As the alarm gets louder about poorly funded governmental pension programs and the drain on the state’s economy, the media focuses greater attention on public employees who receive disability benefits. Sometimes applicants fight hard for a disability pension. Take the case of Howe v. Retirement Fund of the Firemen’s Annuity and Benefit Fund of Chicago.
Plaintiff was hired in 1977 as a paramedic for Chicago Fire Department (“CFD”). Through the years he was promoted until he eventually achieved the position of deputy district chief of employee relations. Although that job did not include paramedic duties, plaintiff occasionally responded to emergency calls. On his way home from work one night, he heard a call on his dispatch radio that a person had fallen off of a CTA platform onto the tracks. Being in the vicinity, the plaintiff went to the scene of the accident, jumping the turnstile to reach the victim, who was already being cared for by others when plaintiff arrived. When he jumped the turnstile, the plaintiff injured his rotator cuff, from which he never fully recovered. Eventually, the plaintiff applied for a duty related disability, claiming that although he was off duty, he “self-dispatched” himself to the call either as a paramedic or as a deputy district chief because, as he claimed, a citizen falling on the CTA tracks is of interest to the media and he was serving a one week rotation at that time as media affairs officer.
Although he never fully recovered, the plaintiff was released to return to work with permanent lifting restrictions which would prevent him from working as a paramedic, although he admitted that he could perform his administrative duties. Plaintiff never asked for an accommodation for his current position, but rather applied for a duty disability pension. The CFD, for its part, never approached the plaintiff to discuss possible reasonable accommodations either.

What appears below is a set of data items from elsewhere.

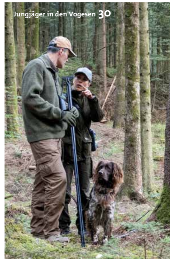
Jungjäger in den Vogesen 30

Wildkameras sind unschätzbare Revierhelfer. Tipps für den Profi-Einsatz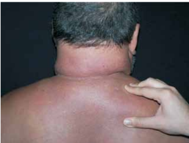
Figura 1. Nítida infiltração cutânea.

Alcian blue: presença de mucina em áreas focais localizadas entre as fibras colágenas da derme (Figura 3).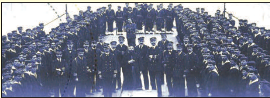
Το πλήρωμα του Αβέρωφ

Στη ναυμαχία της Έλλης συμμετείχαν τέσσερα Οθωμανικά θωρηκτά (Ασάρ Τερήκ, Μεσουδιέ, Τουργκούτ Ρείς, Χαϊρεντίν Μπαρμπαρόσα), το καταδρομικό Μεντητιέ που κινήθηκε νοτιότερα από τα θωρηκτά, πέντε αντιτορπιλικά και ένα νοσοκομειακό πλοίο που ακολουθούσαν το Μεντζητιέ.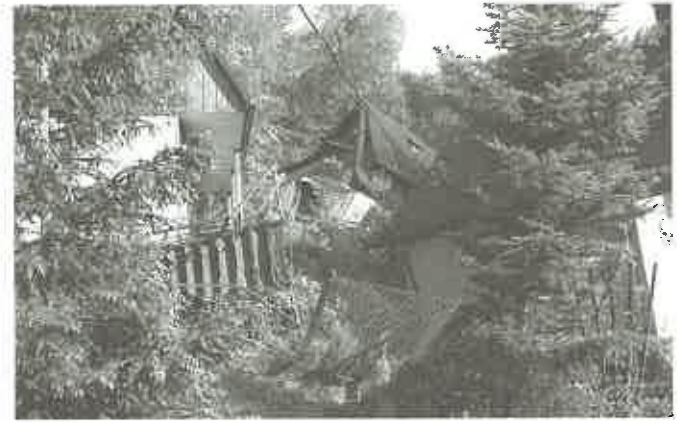
Tragedia dotknęła też domy mieszkalne, ewakuowano ludzi i ich mienie...

The Pension Board denied him a duty disability pension, finding that he was not injured in the act of duty, defined as “any act imposed on an active fireman by the ordinances of a city,
or by the rules or regulations of its fire department, or any act performed by an active fireman while on duty, having for its direct purpose the saving of the life or property of another person.” Further, it found that the plaintiff was not disabled under the definition in the Pension Code which defines “disability” as “[a] condition of physical or mental incapacity to perform any assigned duty or duties in the fire service.”

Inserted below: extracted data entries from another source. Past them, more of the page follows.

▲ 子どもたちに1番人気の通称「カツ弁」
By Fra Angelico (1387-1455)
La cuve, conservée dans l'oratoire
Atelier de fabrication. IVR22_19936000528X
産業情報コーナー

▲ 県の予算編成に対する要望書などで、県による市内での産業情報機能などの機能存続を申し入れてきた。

This week, the appellate court affirmed the circuit court’s finding that the Pension Board correctly denied the plaintiff’s application for a duty disability pension. Although the plaintiff argued that performing paramedic duties was always a part of his job, the court found that the plaintiff did not meet his burden of proving he is incapable of performing any assigned duty with the CFD.

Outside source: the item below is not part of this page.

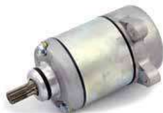
17.81039 motorino 12V - rotazione sx - 9 denti

Some readers may sympathize with the plaintiff. After all, he was only doing what he thought was his job, and he got hurt. Others may see it the way that the court did – yes he was hurt, but he could still do all of his administrative functions, so a disability pension was unnecessary. The lesson for employees and employers alike in this type of situation is to engage in the interactive process required by the ADA to determine whether a permanent restrictions can be reasonably accommodated. Obviously, if this plaintiff’s job was primarily that of a paramedic, the inquiry would be cut and dried, but since he primarily served in an administrative capacity, it is possible that a reasonable accommodation existed. Had the parties taken that step, the plaintiff might have remained on the job, or the record before the Pension Board and the courts would have definitively stated that plaintiff could still work.
Permanent restrictions don’t always mean the end of a career and aren’t always the road to a disability pension. Employers are never required to accommodate permanent restrictions if they prevent an employee from performing an essential function of their job, but if restrictions involve non-essential functions, employers are wise to determine whether a reasonable accommodation is available.